Monday 28 September 2015

The Goldfinch by Donna Tartt - An Excellent Book



I have just finished reading The Goldfinch by Donna Tartt. It has a massive 864 pages and is one of the longest books I’ve read apart from Dickens’ novels. Even several of Dickens’ novels don’t have as many as 800+ pages.

Maybe Donna Tartt went on a little too long. Because she doesn’t write many novels, maybe she thinks that when she does write, she should produce many pages. No matter, she writes brilliantly. It isn’t just me saying so - Donna Tartt won the Pulitzer Prize for fiction in 2013 for The Goldfinch.  

The beginning of this book is heartbreaking and describes the profound loss and grief that a child feels on losing a parent. The boy in this book loses his mother in an explosion in an art gallery in New York. There is no good age to lose a parent but it seems to me that 12 is one of the worst ages. At age 12, a child is just coming up to adolescence, a difficult and confusing time. The adult world is on the cusp of opening up. To have someone who has loved you, and has known you since birth, is every child’s birthright. To have that person no longer with you must be very difficult to deal with. I very much hope that the love given before the death, can be drawn upon. Maybe that is just a fantasy.

When he was 16, my son had a girlfriend of the same age. The girl’s mum had died of epilepsy, when the girl was 9 years old. Her brother was 12 at the time. They barely spoke of their mum. I don’t think they had the words. I think about them even now, 8 years later, and not only do I feel compassion for the brother and sister, I also feel so sad for the mother who died and had to leave her children – thereby missing out on their lives, not being there to share the joys and difficulties life throws at us all.

The boy, Theo, in The Goldfinch, goes to stay with his friend’s family, but it is no substitute at all for the life he lived with his mum.   And the story continues. It is beautifully written. The characterization is superb, the descriptions evocative and the emotions so credibly conveyed.
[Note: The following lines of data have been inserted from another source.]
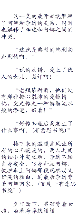 “虽然第一集里面李逸和阿娜的表现都不算精彩,但杨小幂的表现真是吓了我一跳,完全打破了我对她没有演技的看法啊。”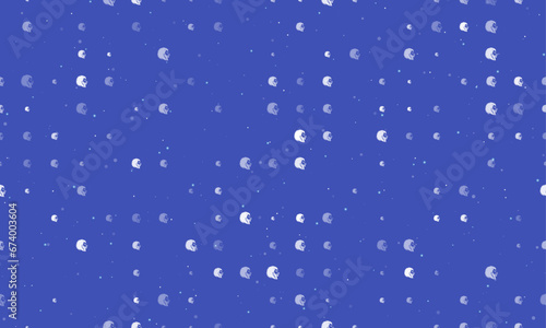 Seamless background pattern of evenly spaced white lion head icons of different sizes and opacity. Vector illustration on indigo background with stars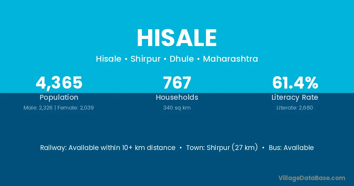 Shirpur (27 km) is the nearest town to Hisale village for major economic activities and is located approximately 27 km away.
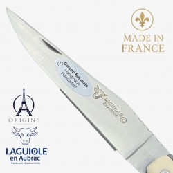 C’est un matériau synthétique noble, durable, utilisé en coutellerie pour remplacer l’ivoire ou l’os. Il offre une belle teinte blanche naturelle.
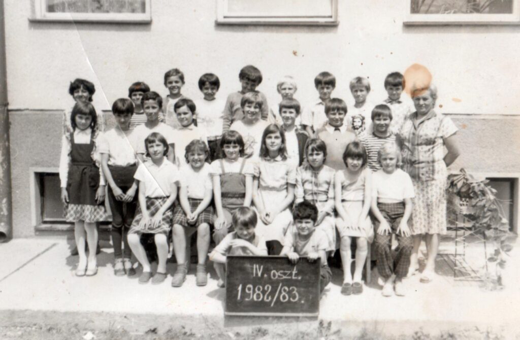 Előttük állnak, balról jobbra: Zsigó Renata, Knézel Andrea, Knézel Milos, Kotrba Norbert, Práger János, Vedrődi Péter, Farkas Marian, Cakó Lubomír, Racskó-Horváth Éva (tanítónő).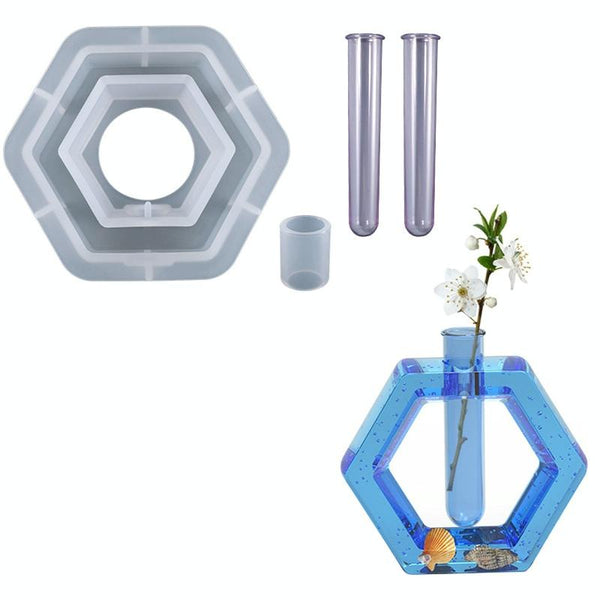 DIY Crystal Epoxy Test Tube Cultivation Vase Silicone Mould, Spec: Hexagon+2Pcs Light Purple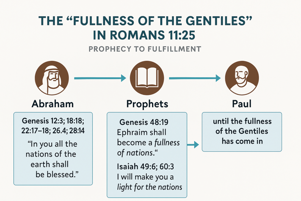 Gen 48:19 — Ephraim will become a “fullness of nations.” | plērōma tōn ethnōn = “fullness of the Gentiles.” | Paul echoes the “fullness” wording to signal a complete Gentile ingathering. |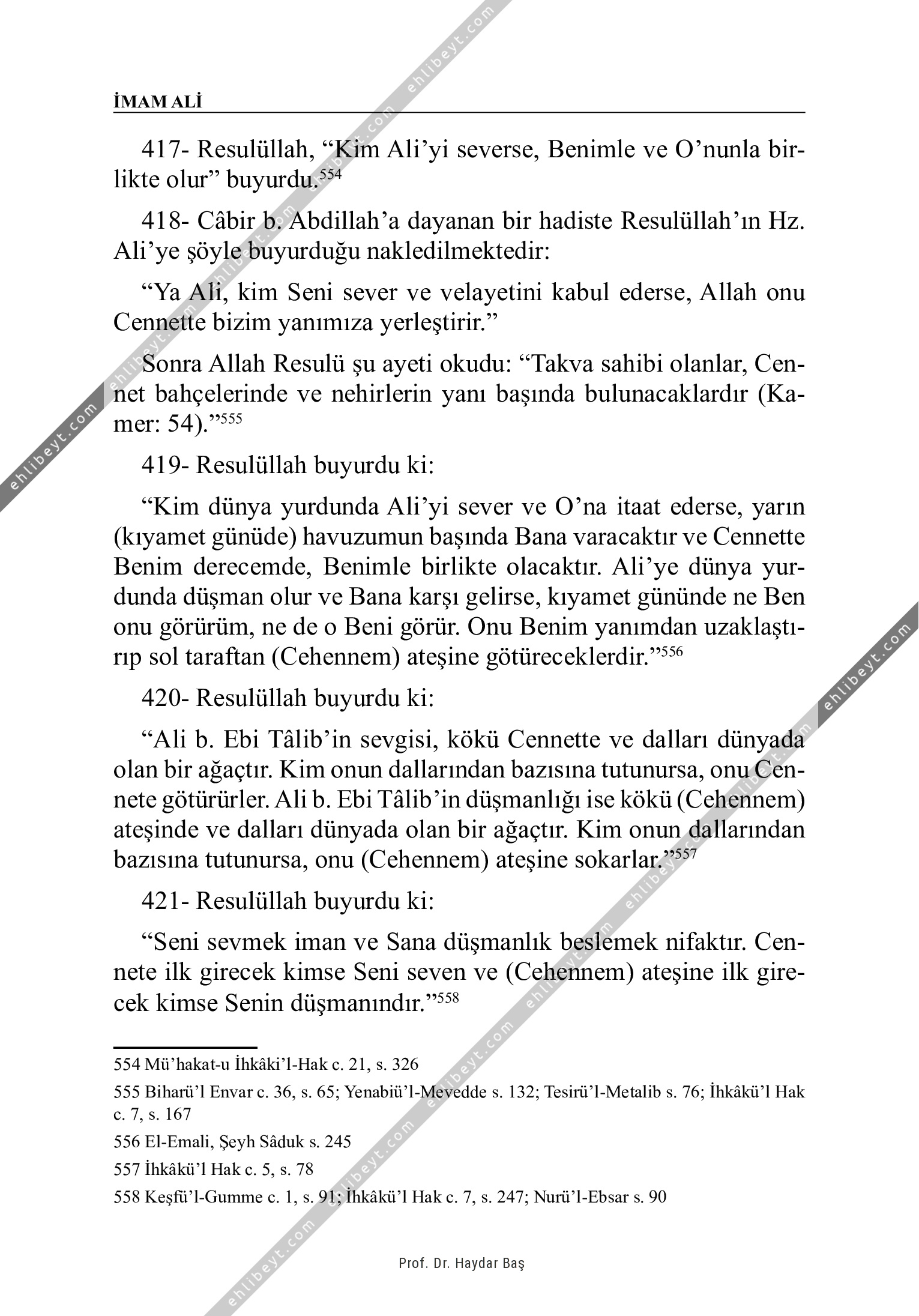 417- Resulüllah, "Kim Ali'yi severse, Benimle ve O'nunla birlikte olur" buyurdu.554 418- Câbir b. Abdillah'a dayanan bir hadiste Resulüllah'ın Hz. Ali'ye şöyle buyurduğu nakledilmektedir: "Ya Ali, kim Seni sever ve velayetini kabul ederse, Allah onu Cennette bizim yanımıza yerleştirir." Sonra Allah Resulü şu ayeti okudu: "Takva sahibi olanlar, Cennet bahçelerinde ve nehirlerin yanı başında bulunacaklardır (Kamer: 54)."555 419- Resulüllah buyurdu ki: "Kim dünya yurdunda Ali'yi sever ve O'na itaat ederse, yarın (kıyamet günüde) havuzumun başında Bana varacaktır ve Cennette Benim derecemde, Benimle birlikte olacaktır. Ali'ye dünya yurdunda düşman olur ve Bana karşı gelirse, kıyamet gününde ne Ben onu görürüm, ne de o Beni görür. Onu Benim yanımdan uzaklaştırıp sol taraftan (Cehennem) ateşine götüreceklerdir."556 420- Resulüllah buyurdu ki: "Ali b. Ebi Tâlib'in sevgisi, kökü Cennette ve dalları dünyada olan bir ağaçtır. Kim onun dallarından bazısına tutunursa, onu Cennete götürürler. Ali b. Ebi Tâlib'in düşmanlığı ise […]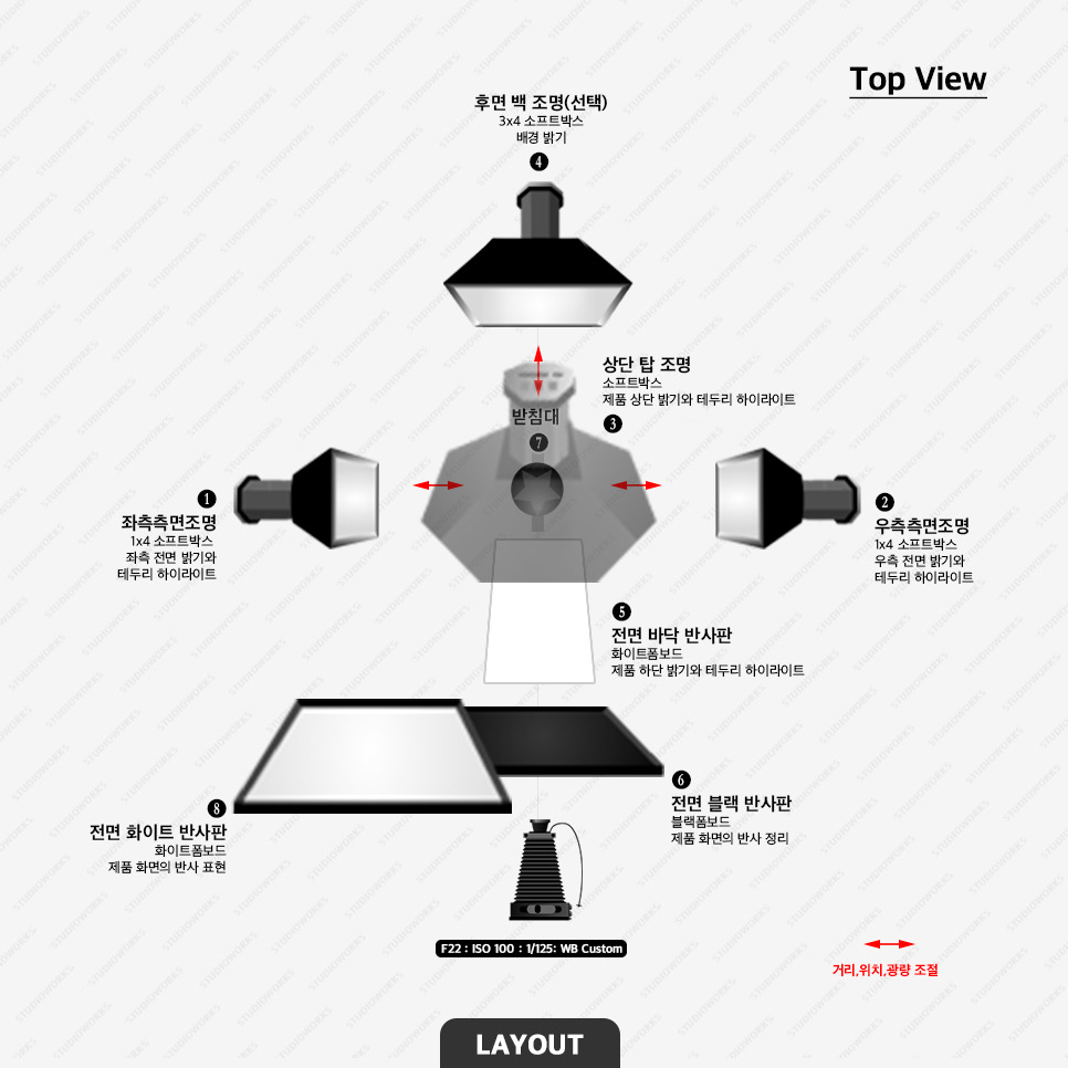 5. 전면바닥반사판(화이트폼보드) - 하단 밝기와 하이라이트. (조명 배치가 가능하다면 조명을 사용해도 됨 )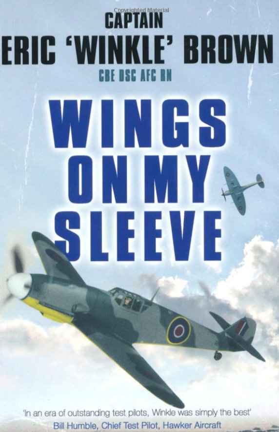 The book dustcover explains its splendid contents: “In 1939 Eric Brown was on a University of Edinburgh exchange course in Germany, and the first he knew of the war was when the Gestapo came to arrest him. They released him, not realising he was a pilot in the RAF volunteer reserve: and the rest is history. Eric Brown joined the Fleet Air Arm and went on to be the greatest test pilot in history, flying more different aircraft types (487) than anyone else. During his lifetime he made a record-breaking 2,407 aircraft carrier landings and survived eleven plane crashes. One of Britain’s few German-speaking airmen, he went to Germany in 1945 to test the Nazi jets, interviewing (among others) Hermann Goering and Hanna Reitsch. He flew the suicidally dangerous Me 163 rocket plane, and tested the first British jets. WINGS ON MY SLEEVE is ‘Winkle’ Brown’s incredible story”.

After the explosion, the boy goes back to his apartment, certain that his mum will be there waiting for him. As he waits for her, he talks of how, when he was younger, his ‘greatest fear was that some day my mother might not come home from work.’ This is a fear that I can very well relate to. I had exactly the same fear. I can remember watching for my mum out of the window and dreading the light fading and it going dark. I believed that some disaster might befall her out there in the dark, without me to look after her. That comment might appear ridiculous, as I was 8 years old and would be pretty useless against a determined assailant. But that is how I felt and I can still feel that anxiety now, the strength of it, the choking sense of something having happened to my mum because I wasn’t by her side. Decades on from worrying about my mum, who is now 92 years old, I can still feel that sense of dread but now it is directed at those who are motherless and to the dead mothers who missed out on their children’s lives. That is a particularly cruel tragedy. So it’s no wonder then, that when my youngest child reached 21, I did a dance of joy and relief.